His complaint is that the application of the law of Louisiana for the establishment of ferries, 2 Mart.Dig. 142, 3 Mart.Dig. 292, to a ferry franchise claimed by him, from Concordia to Natchez, is an invasion upon a right of property secured by the third article of the treaty between the United States and the Republic of France, ceding Louisiana to the former, and that it impairs the obligation of a contract, which was entered into between the Marquis de Casa Calvo and one Thomas Thompson, on 19 February, 1801, granting to Thompson a ferry at the post of Concordia to Natchez, as a privilege to be attached to his plantation, on condition that Thompson would clear a public road from Concordia to the Bayou Cocodrillo. The appellant claims the franchise and land to which it was attached, as a purchaser of both from Joseph Vidal, who bought from Thompson the grantee, on 16 October, 1803. It is

Page 50 U. S. 286

further said, that by the law, usages, and customs of Spain, in Louisiana, at the date of the grant, no other ferry could be established within a league above or below its locality.
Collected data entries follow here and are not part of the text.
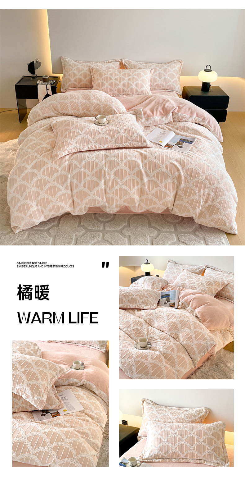 玉相逢 2025秋冬新款A类高克重牛奶绒立体亲肤绒浮雕雕花绒四件套 橘暖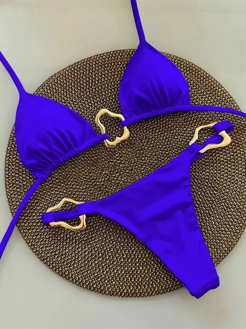 Com decote halter, cintura baixa e um visual moderno totalmente sólido, o conjunto transmite elegância minimalista — perfeito para quem prefere um estilo praia mais sofisticado e leve.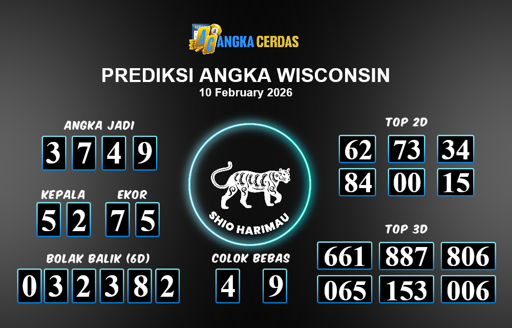 Prediksi Togel WISCONSIN untuk hari ini Selasa, 10 Februari 2026, adalah salah
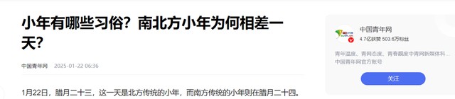 【2】中国青年网,2025-01-22,“小年有哪些习俗?南北方小年为何相差一天?”.

The interference with the franchise is said to be the establishment of another ferry by the police jury of Concordia, from the town of Vidalia, in that parish, to the city of Natchez. The validity of this proceeding is called in question, on the ground, as we have already said, of its being contrary to a treaty and the Constitution of the United States. Both having been decided by the highest court in Louisiana against the rights claimed, the cause is before us, under the provisions of the twenty-fifth section of the Judiciary Act of 1789.

In support of the appellant's case, his counsel urge -- 1st, that the grant of a ferry privilege across the Mississippi, by competent authority, implies, ex vi termini, an exclusion of all other ferry rights, not only by private, unlicensed individuals, but operates to exclude the sovereign from making a similar grant to another, which will conflict with it, or impair or destroy its value; 2d, that the grant in this case, con exclusion, is an express recognition of such exclusive right; 3d, that this is a case of express contract, by which, for a valuable consideration, Thompson became a purchaser of an exclusive ferry privilege; 4th, that the uninterrupted right thus claimed, having been exercised and enjoyed by the appellant, and those under whom he claims, for thirty-eight years, is conclusive evidence of title against the defendants.

We have placed the point in the case upon which the jurisdiction of this Court attaches in near connection with the points just read to show that three of them are not reexaminable by this Court, however they may have been adjudicated by the court below.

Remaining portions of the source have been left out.